In my reading, Alex de Waal's "An Emancipatory Imperium?: Power and Principle in the Humanitarian International" is the strongest chapter. The chapter explores two interventions – Somalia and Sudan (Darfur specifically) – and the evolution of humanitarian-military interventions. "For many of the humanitarian advocates of the intervention [Somalia], success was axiomatic – they simply assumed that the U.S. Marine Corps, with its vastly superior weaponry and training, would impose its will on Somalia and save hundreds of thousands of lives of people at risk of starvation. Humanitarian advocacy is all about deriving an "ought" from an "is" – the very label "emergency" is both a descriptor and a prescription for (urgent) action. By the same token whereby human suffering demands an international response, such a response must work. The question of efficacy simply did not arise." (p. 297). The entire chapter is excellent, and recommended for all interested in humanitarian and international action.

Pupavac's "Between Compassion and Conservatism: A Genealogy of Humanitarian Sensibilities" presents a historical contextualization of how justifications are made for humanitarian action. The chapter focuses less on military action per se, but the shifting values that have enabled the intersection. Even if unrelated directly to military action, some points to stir debate include reflections on the development of values within the humanitarian and development sector. For example, "current British aid organizations also evolved in reaction against industrial society. Their philosophy has historically accorded more with Bonham-Carter's aversion to modern industrialization than with Hoggart's affirmation of its benefits for ordinary people. They have been inclined to idealize authentic traditional peasant communities as counterposed to an inauthentic, corrupting industrial society. Anti-industrial sentiments have followed anthropological thinking, which also informed colonial administration" (p. 135).
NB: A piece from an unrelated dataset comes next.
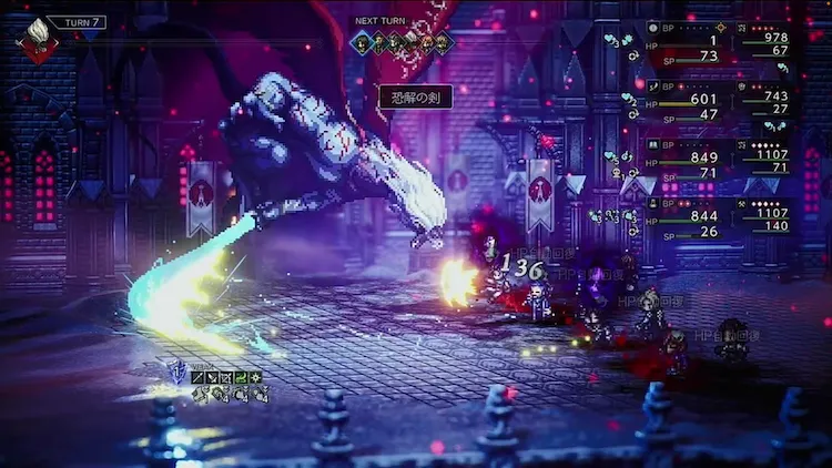 「恐解の剣」は、対象が恐怖状態だと強制的にHPを1にする技のため、次の攻撃までに対策しなければ、対象のキャラは高確率で倒されてしまう。「恐解の剣」を使われたらすぐに回復し、体勢を立て直すようにしよう。
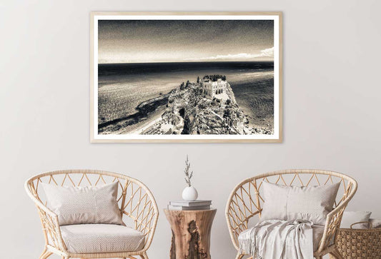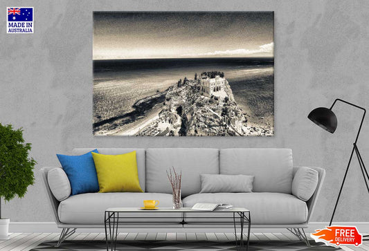 Tropea Coastline Aerial B&W View Photograph Print 100% Australian Made

A second example: "Those most likely to be concerned about ethical consumption are among the wealthier social groups with higher rates of consumption. Shopping as social action fits, rather than necessarily opposes, a consumer outlook in which it is difficult to conceive of action beyond consumption. Moreover, ethical consumption may represent a form of conspicuous ethical consumption. Affluent consumers may demonstrate their superior discernment, compared with that of the masses, by means of their organic tastes, expensive foreign travel to novel destinations, and specially sources authentic fair-trade and ecological goods." (p. 143).